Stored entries
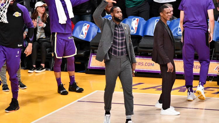 Bron brought prep-school polish to the Staples Center hardwood with a cropped grey suit layered over a buttoned plaid shirt. He punctuated the look with A-COLD-WALL x Nike Zoom Vomero +5 sneakers, black socks with white stripes and a lapel pin that subtly nodded to the occasion. The tailoring was tight and intentional — narrow shoulders, high-ankle hem and a fitted waistline that gave the whole ensemble a clean, sculpted energy. While more understated than some of his bolder looks, this outfit was a quiet flex in tailoring discipline and personal flair. It’s the kind of refined, slightly offbeat silhouette that would have harmonized beautifully with the Met Gala’s celebration of Black elegance and sharp lines.
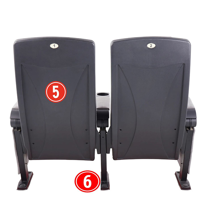 ⑥ Leg: The armrest feet are made of steel plates no less than 2.5mm thick through oil pressure and welding. The armrest feet base plate is formed by stretching steel plates no less than 2.5mm thick; it fixes the seat to the floor.
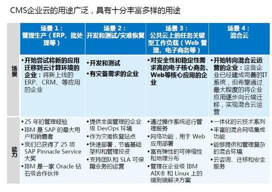 值得一提的是,那些對橫向拓展要求較高,彈性計算資源伸縮幅度較大的企業(yè)應用,并不適合CMS,穩(wěn)定高效、高安全性企業(yè)級關(guān)鍵應用即服務才是CMS的重點。那么CMS到底面向哪些企業(yè)、哪些行業(yè)?IBM對此總結(jié)出四個主要的應用場景,如表1所示:
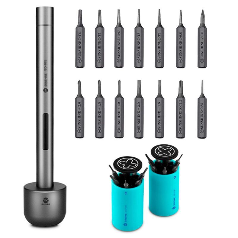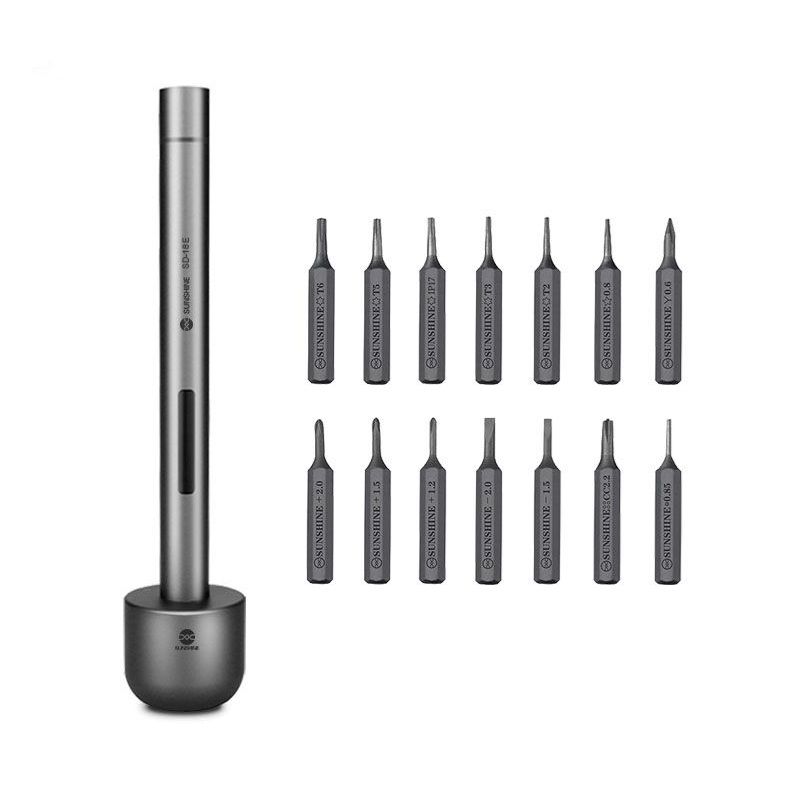 Акумуляторна викрутка SUNSHINE SD-18E / прецизійна / підсвічування / набір біт 14 шт. / iPhone 17
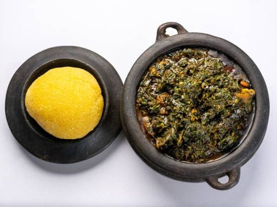 A plate comes with freshly prepped Vegetable soup with assorted dry fish and periwinkle with fish/beef/goat meat and swallow of choice
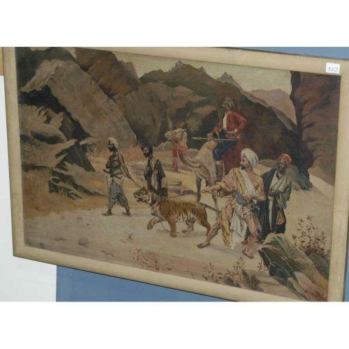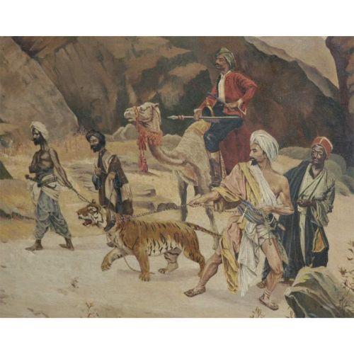 ENGLISH SCHOOL, 16"x24" oil on canvas, Capturing the Tiger, late 19th century, CONDITION REPORT: yellowed varnish, otherwise good. PACKING AND SHIPPING: We offer packing (double boxed in most cases) and shipping of this item within the Continental United States by USPS or UPS (our choice- boxes over 30lbs or oversized may be recalculated based on buyer's location), NOT INCLUDING INSURANCE (it will be added when we know the sales price) for $40
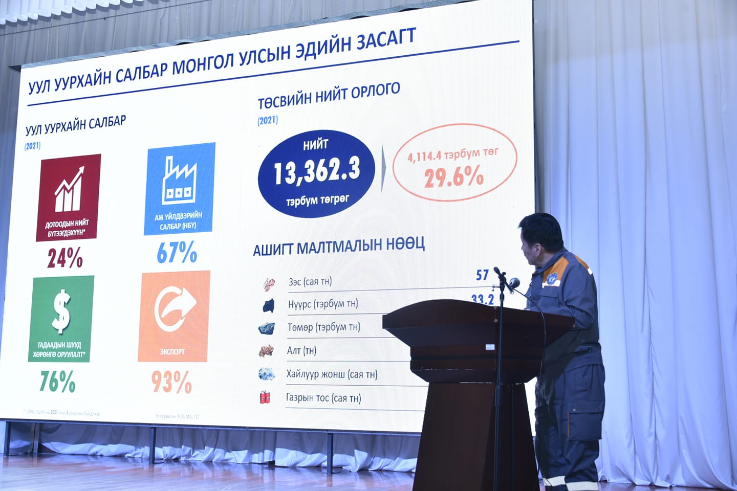 Тогтвортой хөгжлийн үзэл баримтлалын гурван тулгуурт бодлогыг нэг эдийн засгийн үндэс суурь болсон уул уурхай, ашигт малтмалын салбарыг хөгжлийг тус аймагт аймгийн Засаг даргын 2020-2024 оны үйл ажиллагааны хөтөлбөр,аймгийг хөгжүүлэх таван жилийн үндсэн чиглэлд хариуцлагатай уул уурхайг хөгжүүлэх, аймгийн хэмжээнд үйл ажиллагаа явуулж буй ашигт малтмалын тусгай зөвшөөрөл эзэмшигч аж ахуйн нэгжүүдийн нийгмийн хариуцлагыг сайжруулж орон нутгийн хөгжилд оруулах хувь нэмрийг оруулах , Түгээмэл тархацтай ашигт малтмалын илрэлийн нөөцийн судалгааг хийлгэх , орд газрын нөөцийг тогтоох, үйлдвэрлэлийг стандартад нийцсэн түүхий эдээр хангах гэсэн зорилтуудыг дэвшүүлэн ажиллаж байна. Эдгээр зорилтуудыг хэрэгжүүлэхэд холбогдох хууль тогтоомжид тулгамдаж буй асуудлыг хэлэлцэн нэгдсэн ойлголцолд хүрч, орон нутгийн зүгээс гаргаж буй санал санаачлагыг дэмжин хамтран ажиллана гэдэгт итгэж байна гэв.
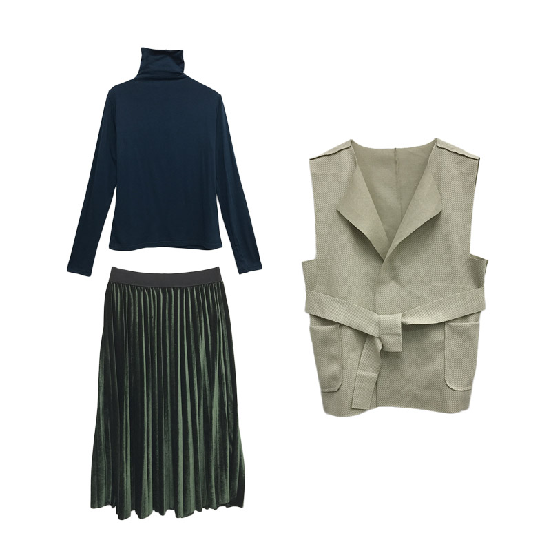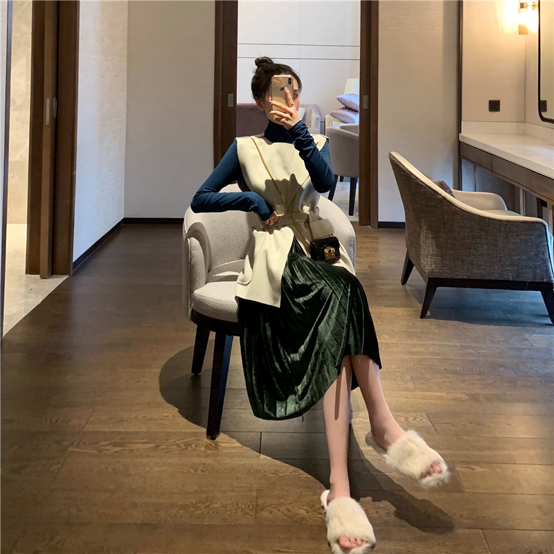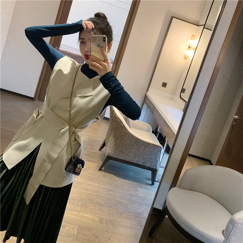 / 秋季套裝時尚斜紋腰帶馬夾呢外套女+超柔高領打底上衣+高腰百褶裙

*Work item*
Every entry above, pictures excluded, needs to be duplicated exactly.

*Task result*
 Bron brought prep-school polish to the Staples Center hardwood with a cropped grey suit layered over a buttoned plaid shirt. He punctuated the look with A-COLD-WALL x Nike Zoom Vomero +5 sneakers, black socks with white stripes and a lapel pin that subtly nodded to the occasion. The tailoring was tight and intentional — narrow shoulders, high-ankle hem and a fitted waistline that gave the whole ensemble a clean, sculpted energy. While more understated than some of his bolder looks, this outfit was a quiet flex in tailoring discipline and personal flair. It’s the kind of refined, slightly offbeat silhouette that would have harmonized beautifully with the Met Gala’s celebration of Black elegance and sharp lines.
 ⑥ Leg: The armrest feet are made of steel plates no less than 2.5mm thick through oil pressure and welding. The armrest feet base plate is formed by stretching steel plates no less than 2.5mm thick; it fixes the seat to the floor.
 值得一提的是,那些對橫向拓展要求較高,彈性計算資源伸縮幅度較大的企業(yè)應用,并不適合CMS,穩(wěn)定高效、高安全性企業(yè)級關(guān)鍵應用即服務才是CMS的重點。那么CMS到底面向哪些企業(yè)、哪些行業(yè)?IBM對此總結(jié)出四個主要的應用場景,如表1所示:
 Акумуляторна викрутка SUNSHINE SD-18E / прецизійна / підсвічування / набір біт 14 шт. / iPhone 17
 A plate comes with freshly prepped Vegetable soup with assorted dry fish and periwinkle with fish/beef/goat meat and swallow of choice
 ENGLISH SCHOOL, 16"x24" oil on canvas, Capturing the Tiger, late 19th century, CONDITION REPORT: yellowed varnish, otherwise good. PACKING AND SHIPPING: We offer packing (double boxed in most cases) and shipping of this item within the Continental United States by USPS or UPS (our choice- boxes over 30lbs or oversized may be recalculated based on buyer's location), NOT INCLUDING INSURANCE (it will be added when we know the sales price) for $40
 Тогтвортой хөгжлийн үзэл баримтлалын гурван тулгуурт бодлогыг нэг эдийн засгийн үндэс суурь болсон уул уурхай, ашигт малтмалын салбарыг хөгжлийг тус аймагт аймгийн Засаг даргын 2020-2024 оны үйл ажиллагааны хөтөлбөр,аймгийг хөгжүүлэх таван жилийн үндсэн чиглэлд хариуцлагатай уул уурхайг хөгжүүлэх, аймгийн хэмжээнд үйл ажиллагаа явуулж буй ашигт малтмалын тусгай зөвшөөрөл эзэмшигч аж ахуйн нэгжүүдийн нийгмийн хариуцлагыг сайжруулж орон нутгийн хөгжилд оруулах хувь нэмрийг оруулах , Түгээмэл тархацтай ашигт малтмалын илрэлийн нөөцийн судалгааг хийлгэх , орд газрын нөөцийг тогтоох, үйлдвэрлэлийг стандартад нийцсэн түүхий эдээр хангах гэсэн зорилтуудыг дэвшүүлэн ажиллаж байна. Эдгээр зорилтуудыг хэрэгжүүлэхэд холбогдох хууль тогтоомжид тулгамдаж буй асуудлыг хэлэлцэн нэгдсэн ойлголцолд хүрч, орон нутгийн зүгээс гаргаж буй санал санаачлагыг дэмжин хамтран ажиллана гэдэгт итгэж байна гэв.
 / 秋季套裝時尚斜紋腰帶馬夾呢外套女+超柔高領打底上衣+高腰百褶裙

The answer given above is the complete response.